Pervin Elvan Tokgun; Nedim Karagenc; Uğur Karasu; Onur Tokgun; Samet Turel; Aydın Demiray; Hakan Akca; Selçuk Yüksel

doi:10.46497/ArchRheumatol.2023.9927

Treatment of STING-associated vasculopathy with onset in infancy in patients carrying a novel mutation in the TMEM173 gene with the JAK3-inhibitor tofacitinib

Arch Rheumatol. 2023 Feb 3;38(3):461-467. doi: 10.46497/ArchRheumatol.2023.9927. eCollection 2023 Sep.

Authors

Pervin Elvan Tokgun¹, Nedim Karagenc¹, Uğur Karasu², Onur Tokgun¹, Samet Turel¹, Aydın Demiray¹, Hakan Akca¹, Selçuk Yüksel³

Affiliations

¹ Department of Medical Genetics, Pamukkale University Faculty of Medicine, Denizli, Türkiye.
² Department of Internal Medicine, Division of Rheumatology, Pamukkale University Faculty of Medicine, Denizli, Türkiye.
³ Department of Pediatric Nephrology and Pediatric Rheumatology, Pamukkale University Faculty of Medicine, Denizli, Türkiye.

Abstract

Objectives: This study aimed to reveal the genetic background of patients in the two-generation family suffering from rheumatoid arthritis, psoriatic arthropathy pain, scratches, and bruises.

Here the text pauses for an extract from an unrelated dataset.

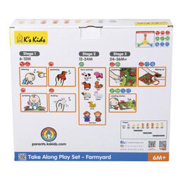Набір Ферма включає килимок, що складається в сумочку, 7 сільськогосподарських тварин і 2 фермери. Рольові ігри сприяють розвитку соціальних навичок. Рекомендований вік: від 6 місяців. Матеріал: текстиль. Розмір: вівця 4 х 7 х 9 см. Килимок: 37 х 50 см. Упаковка: коробка 31 x 28 x 8 см. Органи чуття Для того, щоб пізнавати світ, дитині необхідно активізувати основні органи чуття: зір, слух, дотик, нюх і смак. Дрібна моторика Навички дрібної моторики розвиваються шляхом розробки пальчиків рук дитини для управління дрібними предметами. Координація рухів Навички загальної моторики - це вміння рухатися за участю рук, ніг або мускулатури ступнів, або всього тіла. Логічне мислення Розвиток логічного мислення допомагає дитині вибудовувати зв'язки між частинами інформації. Уява Здатність співвідносити кольори, різноманітні форми, малювати лінії, сприймати музику та ритм, розуміти пропорцію і перспективу. Мова Здатність використовувати звуки та мову для самовираження і розуміння інших людей у міру того, як дитина росте. Емоційність Будь-яка здорова дитина повинна вміти висловлювати та контролювати свої емоції, а також ефективно взаємодіяти з іншими людьми на основі спільної довіри. Комунікабельність Хороші комунікативні навички налаштують дитину на вирішення спільних завдань і допоможуть стати повноцінним членом колективу. Самооцінка Це почуття, яке дитина відчуває при досягненні чогось значимого для неї і схвалення з боку інших людей. Виконання нею поставлених завдань сприяє розвитку самооцінки досягнень. Дія 1.1 Мета: тренування слухання і уваги - спостереження за реакцією вашої дитини на звуки. Метод: Стискуйте тварин, щоб видавати звуки з різних сторін. Зверніть увагу, чи слідує погляд вашої дитини за звуком. Дія 1.2 Мета: Тренування дрібної моторики - хапання. Метод: Попросіть дитину взяти тварин правою і лівою ручками. Дія 1.3 Мета: тренування загальної і дрібної моторики - стиснення і струшування. Метод: Попросіть дитину стискати й трясти тварин, щоб вони видавали гуркіт і писк. Дія 2.1 Мета: Когнітивний тренінг - вивчення назв тварин і персонажів. Метод: Навчайте дітей назвам різних тварин і персонажів. Дія 2.2 Мета: Когнітивне тренування - вказування на тварин і персонажів. Метод: Називайте різних тварин і персонажів і заохочуйте дітей вказувати на них. Дія 3.1 Мета: Когнітивне тренування - відповідність. Метод: Запропонуйте дітям поєднати тварину із зображенням на килимку. Наприклад, курка йде в курник, а качка в качиний ставок. Дія 3.2 Мета: Тренування уяви - історії. Метод: Дозвольте дітям придумувати історії, використовуючи тварин і фермера в якості головних героїв, а фермерський двір - як декорації. Дія 3.2 Мета: Навички самообслуговування - прибирання. Метод: Килимок можна скласти навпіл, щоб вийшла сумка. Це дозволяє дітям легко носити іграшки з собою. Заохочуйте дітей класти тварин назад у сумку після гри.

Patients and methods: A clinical exome sequencing analysis was performed in 10 individuals in the same family using the Sophia Genetics clinical exome solution kit.

Results: A novel V194L mutation in the TMEM173 gene was identified in three members of the family. Two of the family members were treated with the JAK3 inhibitor tofacitinib and recovered completely one month after the treatment.

Conclusion: The V194L mutation was reported for the first time in this study, and a positive response was achieved with tofacitinib.

Keywords: STING–associated vasculopathy with onset in infancy; V194L mutation.; tofacitinib.